Stored items from a collection:

==========

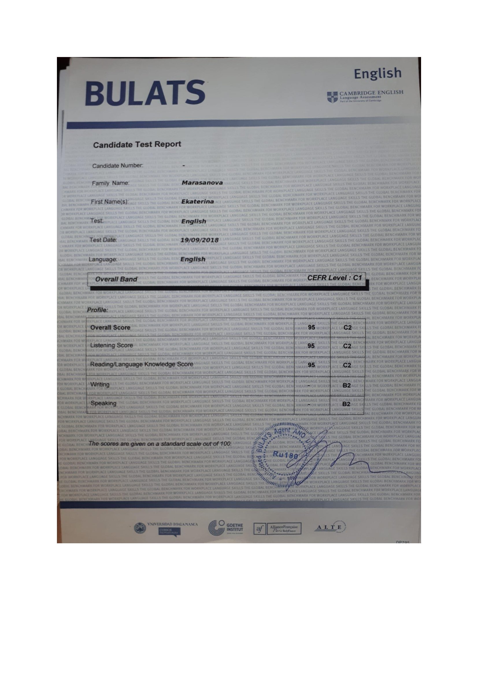 Сертификаты: ЭКСПЕРТ. Бизнес-английский BULATS- C1, 2018 год. Academic IELTS- 7.0 (C1), 2019 год. Сторонник индивидуального подхода, готовлю интерактивные материалы. Использую коммуникативный подход и кейс-технологии. С 2018 года веду репетиторскую деятельность, работаю преподавателем в онлайн-школе и частные занятия. 3 года работала преподаватем на платформе подготовки студентов на академический IELTS. Я проходила стажировку за рубежом, имею опыт жизни за границей в Америке, штат Maryland. Опыт подготовки к международным экзаменам (Academic, General IELTS, SAT, CPE, PTE), повышение уровня знания ,подготовка школьников к ОГЭ, EГЭ, Кембриджским экзаменам. Некоторые мои студенты сейчас живут и работают в международных компаниях Канады, учатся в мед.университетах на английском языке и на дизайнеров. Все они сдали IELTS на 5,5-6,5 (B1-B2).
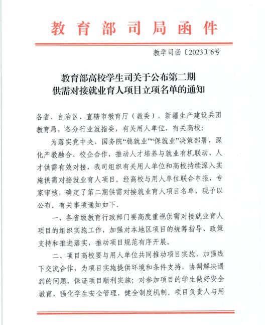 日前,教育部高校学生司印发《教育部高校学生司关于公布第二期供需对接就业育人项目立项名单的通知》,星空四个课题项目获批立项。
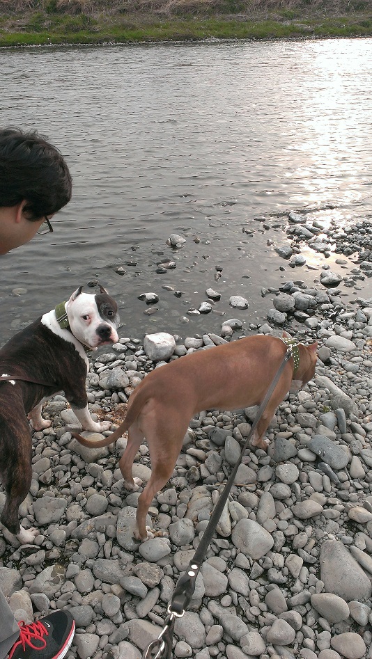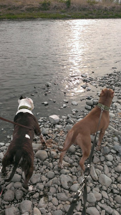 川の水を目の前に、泳ぎたくなるイヌ二人。
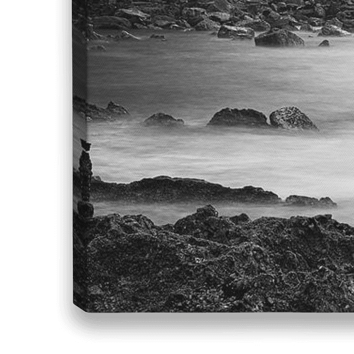 Een weids 3:1 panorama beeld in Zwart-wit van een vroege ochtend bij Playa de Portizuelo, een natuurlijk erfgoed gelegen in de gemeente Valdés, binnen de Vaqueira regio van westelijk Asturië, nabij de stad Luarca, Spanje.
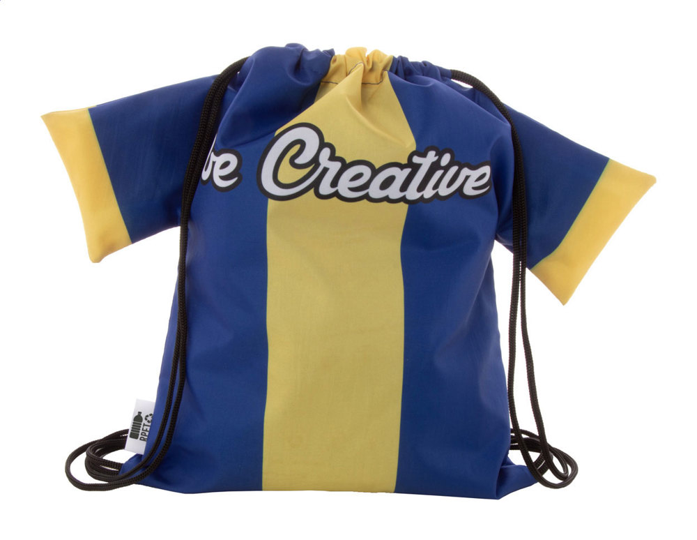 Custom made, T-shirt shaped drawstring bag for children with coloured strings, 190T RPET polyester. With all over sublimation printed graphics and distinctive RPET label. MOQ: 25 pcs.
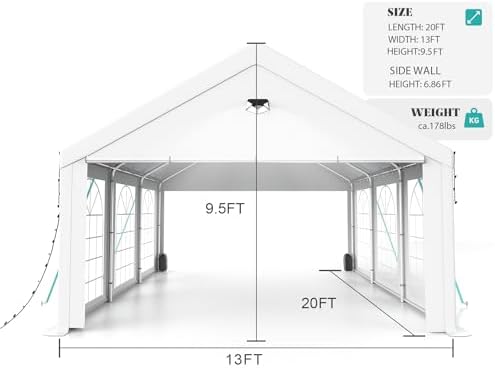 🥳Spacious Design: Measuring L13xW20xH10 FT,this party tent offers ample space for hosting gatherings, parties, or events. The six french windows allow natural light to enter while maintaining a comfortable atmosphere inside

==========

What the exercise asks
In your copy of the records above, include no pictures and match every line exactly.

The answer
 Сертификаты: ЭКСПЕРТ. Бизнес-английский BULATS- C1, 2018 год. Academic IELTS- 7.0 (C1), 2019 год. Сторонник индивидуального подхода, готовлю интерактивные материалы. Использую коммуникативный подход и кейс-технологии. С 2018 года веду репетиторскую деятельность, работаю преподавателем в онлайн-школе и частные занятия. 3 года работала преподаватем на платформе подготовки студентов на академический IELTS. Я проходила стажировку за рубежом, имею опыт жизни за границей в Америке, штат Maryland. Опыт подготовки к международным экзаменам (Academic, General IELTS, SAT, CPE, PTE), повышение уровня знания ,подготовка школьников к ОГЭ, EГЭ, Кембриджским экзаменам. Некоторые мои студенты сейчас живут и работают в международных компаниях Канады, учатся в мед.университетах на английском языке и на дизайнеров. Все они сдали IELTS на 5,5-6,5 (B1-B2).
 日前,教育部高校学生司印发《教育部高校学生司关于公布第二期供需对接就业育人项目立项名单的通知》,星空四个课题项目获批立项。
 川の水を目の前に、泳ぎたくなるイヌ二人。
 Een weids 3:1 panorama beeld in Zwart-wit van een vroege ochtend bij Playa de Portizuelo, een natuurlijk erfgoed gelegen in de gemeente Valdés, binnen de Vaqueira regio van westelijk Asturië, nabij de stad Luarca, Spanje.
 Custom made, T-shirt shaped drawstring bag for children with coloured strings, 190T RPET polyester. With all over sublimation printed graphics and distinctive RPET label. MOQ: 25 pcs.
 🥳Spacious Design: Measuring L13xW20xH10 FT,this party tent offers ample space for hosting gatherings, parties, or events. The six french windows allow natural light to enter while maintaining a comfortable atmosphere inside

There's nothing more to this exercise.